Can’t I Do This With Core Java?
This is by far the most commonly asked question. The answer is always the same: of course, you can! A solution using only core Java would be easier to digest for someone without a background in functional programming. The only dependency of RxJava is the reactive-streams API since it implements everything using only core Java. Experience tells us that developing responsive applications is not always as simple as the example above. It is unlikely that responsiveness is your application’s only need. Scalability and high availability are also necessary. Usually, there is more than one query in the database as well as many requests to other services. When taking those factors into account, the application will need to use thread pools, Executors, and Future objects. The blend of all these technologies in big projects tends to create messy and disorganized code. This causes you to neglect performance; instead, you’re pre-occupied with worry over whether the next commit will break the system. Tests are much more difficult to implement now because you have so many variables that tuning your application has more to do with instinct than with logic. With the use of reactive-streams and RxJava, you get an implementation of Reactive Streams with many compositional patterns, testing utilities, and an open source community to help you achieve responsiveness, resilience, and scalability throughout all layers of your Microservice.
Why RxJava And Not X ?
That is typically matter of personal choice as well as an analysis of the requirements of the product you are trying to build and how comfortable your team is with the technology.

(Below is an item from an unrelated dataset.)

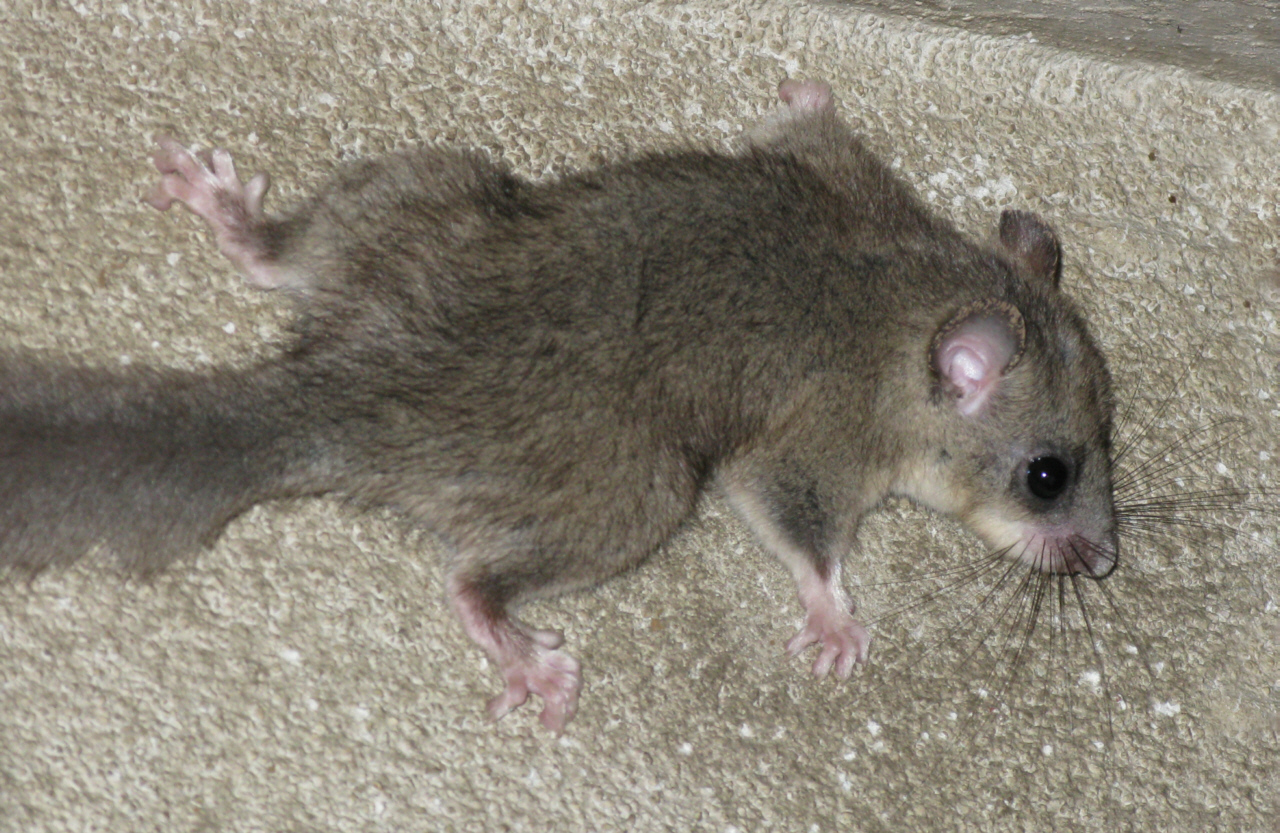 Edible dormouse.

The fact that Reactive Extensions are available in many different languages and that the Java version is very lightweight and can be used alongside other frameworks are points to consider. However, Reactor and Akka Streams are also great tools. Therefore, it is recommended that you experiment with both of them to see which one you are most comfortable using.
The RxJava learning curve can be a little steep, especially if you do not have a background in functional programming and knowledge of functional operators. Debugging is more complicated because now you have RxJava operators wrapping your method calls, and you are using method references and lambdas. You will struggle with your IDE a bit in the beginning until you can determine the parameters and the return type of your streams. Like every technology, RxJava and Reactive Streams are not always the best tools to use to solve every problem. They are an elegant way to work with asynchronous streams of data, but you should definitely analyze your system requirements to determine whether it is a good fit for your problem.
12This example uses Java 8, so the Publisher is the one available in https://github.com/reactive-streams/reactive-streams-jvm/tree/v1.0.1
13https://www.datastax.com/dev/blog/java-driver-async-queries, Case study: multi-partition query, a.k.a. "client-side SELECT...IN"
Mauro Moura is a Software Engineer at Avenue Code. He is a researcher and is passionate about software architecture, clean code, and performance tuning.